Journey to Appreciation

Scholar Euna Carpenter, Human Development ‘23, facilitating the PRYDE Youth Investigators Program at 4-H Career Explorations during summer 2022.

I joined the PRYDE community as a bright eyed, eager sophomore back in 2020. During my first semester as a PRYDE scholar and junior year fall, the two cohorts were combined during our seminar course. It was a fantastic way to start my time as a scholar; I got double the new faces (a delight since the COVID-19 pandemic shutdown many new interactions), double the insights, and a solid dose of pre-existing knowledge and comradery. The previous cohort introduced us to something they had been working on: Youth Investigators. At first, the concept felt foreign – a program which utilized a story-like book and activities to teach social science skills to adolescents. As a human development major and current research assistant in social science projects, Youth Investigators should have felt magical. After all, it was the needed counterpart to all the petri-dish propaganda and exploding volcano experiment ads. Youth Investigators was foundational in increasing youth understanding around social science. And yet, I didn’t click with it at first.

During this first semester as a PRYDE scholar, we split into small groups, sharpened our facilitation skills, then delivered one module in Youth Investigators with 4-H youth who volunteered to participate in the pilot. I became expert in Module 3: The Sleepover Dilemma, which featured activities about qualitative data collection and analysis. With this more intimate knowledge and understanding of Module 3, I came to wholly appreciate it. I mean, obviously, every young person should understand the basics about how to create good interview questions, how to lead a successful, unbiased interview, and how to find themes in the response data. These tools, I began to notice, were everyday tools. They popped up in my own social interactions – having good conversation using good interview etiquette, finding common themes in what my friend’s favorite activities were – and slowly, I was humbled by the applicability of social science skills to everyday life. I noticed my appreciation for Youth Investigators was growing during practice facilitation sessions and within conversations with fellow scholars about their evolving relationship with the curriculum.

Through my next semester as a PRYDE scholar, my cohort worked on expanding and refining Youth Investigators as a complete program by creating our own measures to evaluate it. My cohort met with experts in program creation and evaluation, brainstormed ideas around the core purpose and key takeaways from the program, and worked together to imagine various versions of Youth Investigators. We created an evaluation proposal which outlined pre- and post- surveys for the participants of Youth Investigators to complete. These measures would help us (and future practitioners) assess the program and determine if it was actually teaching the research skills it was intended to. During this semester, I began to wonder about all of the work that happened behind the summer programs I participated in as a youth. The thoughtfulness, effort, and intention that created the art programs, science camps, and even sports camps I participated in during afterschool programs and summer breaks. I began to appreciate the intricacies around effective programming development for youth, another aspect I completely overlooked before.

This summer, I worked with an amazing team of people to lead Youth Investigators during 4-H’s Career Explorations event. Thirteen high school students from all over New York state joined us for three days to engage with Youth Investigators and learn more about social science research. I was impressed by the youth’s excitement about the program and genuine receptiveness to the knowledge we were sharing with them. They wanted to learn more, share their ideas, and collaborate together; they were curious and excited to work through the activities. I was proud to share Youth Investigators with them, and as the program came to an end, proud and trusting in them to share their excitement about social science with their communities. I was humbled to experience the impact Youth Investigators could make on its participants. After Career Ex was over, we combed through the evaluation surveys and transcripts from the focus groups to see what youth had to say about our program. The participants had comments both about what they liked and didn’t like, but to me, this showed just how deeply they engaged with the program. They were able to tell us exactly what they thought could be done better and what they thought shouldn’t change at all. For example, one positive feedback we received from youth was that they appreciated facilitators who enhanced their learning by bringing in additional knowledge about what ethical considerations researchers ponder when designing experiments. Detailed feedback like this one helped us to know what aspects of the program to refine for the next round of implementation.
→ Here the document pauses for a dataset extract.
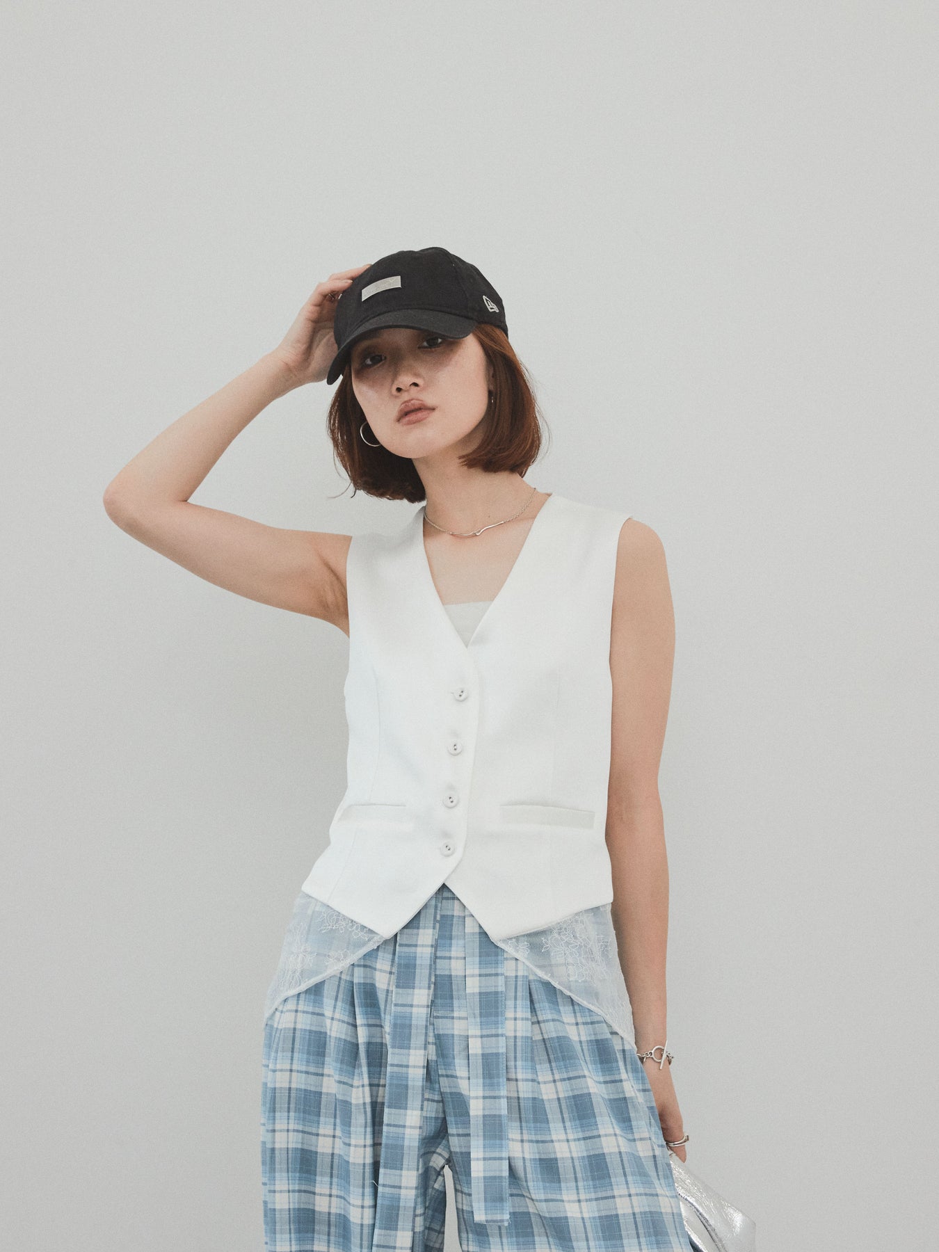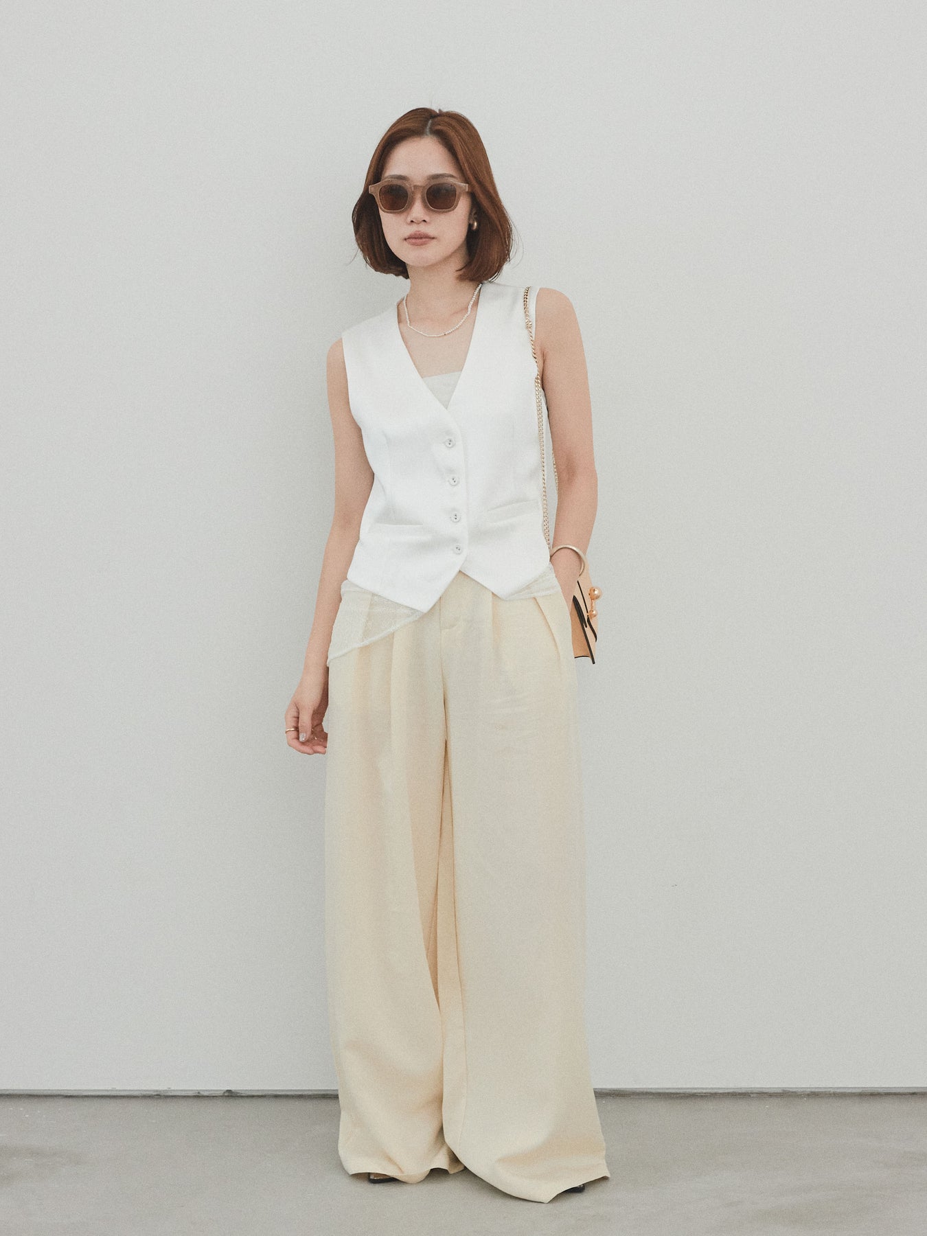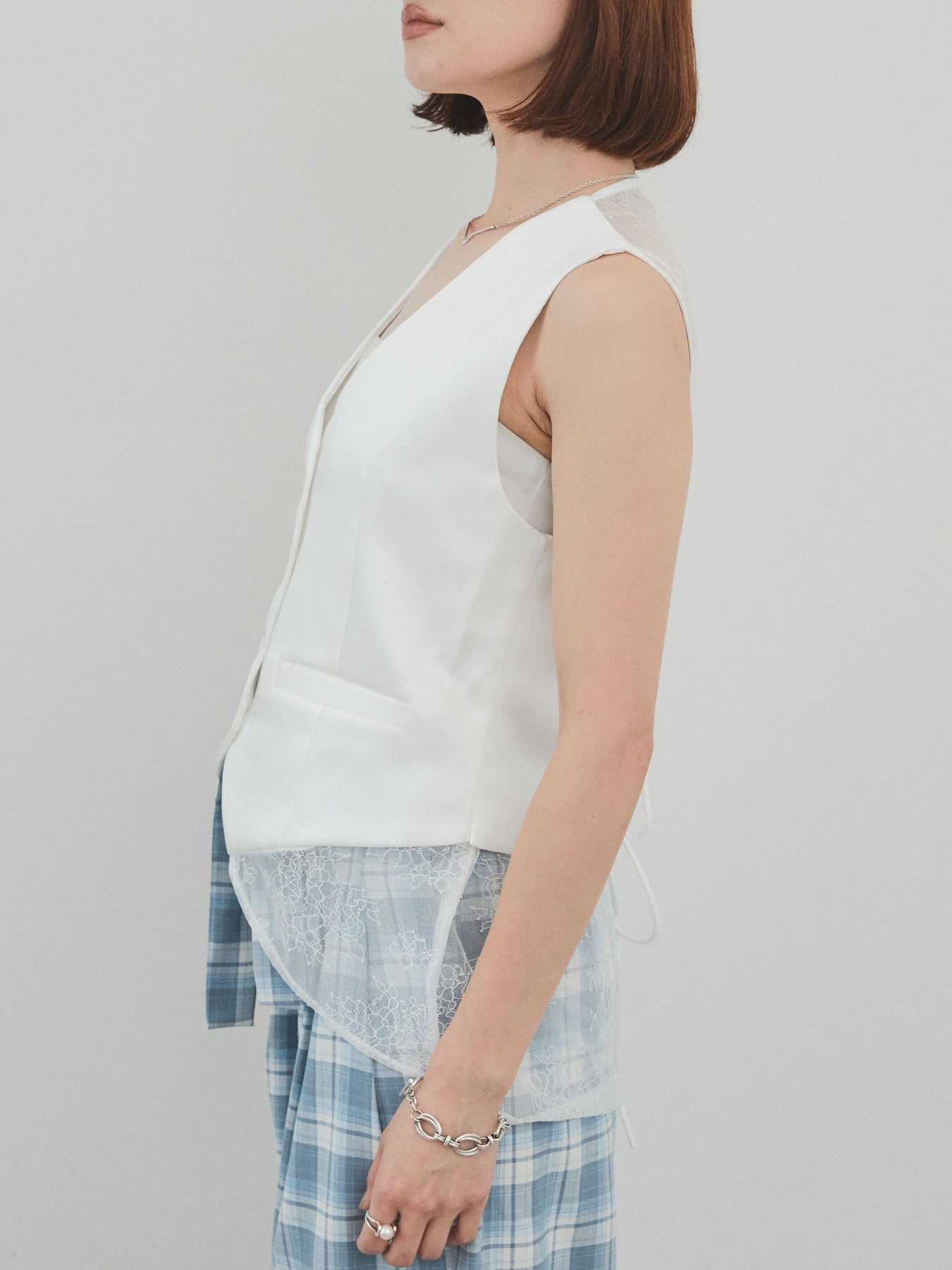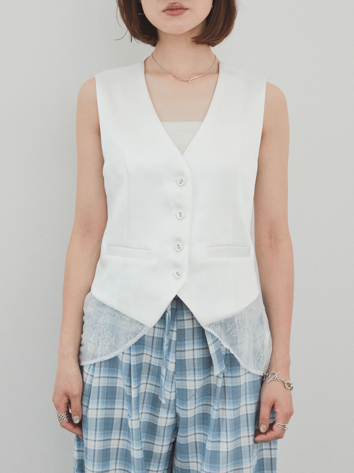 上品な光沢感が魅力のサテン素材に、繊細なレースを切り替えたデザインベスト。モード感漂うVネックシルエットと、裾からのぞくレースがスタイリングに女性らしさをプラスしてくれます。前を留めて1枚着風に着こなすのはもちろん、Tシャツやシアートップスとのレイヤードスタイルもおすすめ。きれいめにもカジュアルにも合わせやすく、コーディネートの主役として活躍してくれる一着です。 ※ボトムス、キャミソール(インナー)以外の商品は一律でインナーは付属していません。

Through my journey of understanding, practicing, leading, and evaluating Youth Investigators, my appreciation for this program, and any other youth programs based on experiential learning, grew exponentially. The intentionality surrounding all of the steps which created our successful program inspires me to bring the same type of intentionality to other aspects of my academic and personal life; I am grateful for what I have learned through my experience with Youth Investigators and am excited about its future.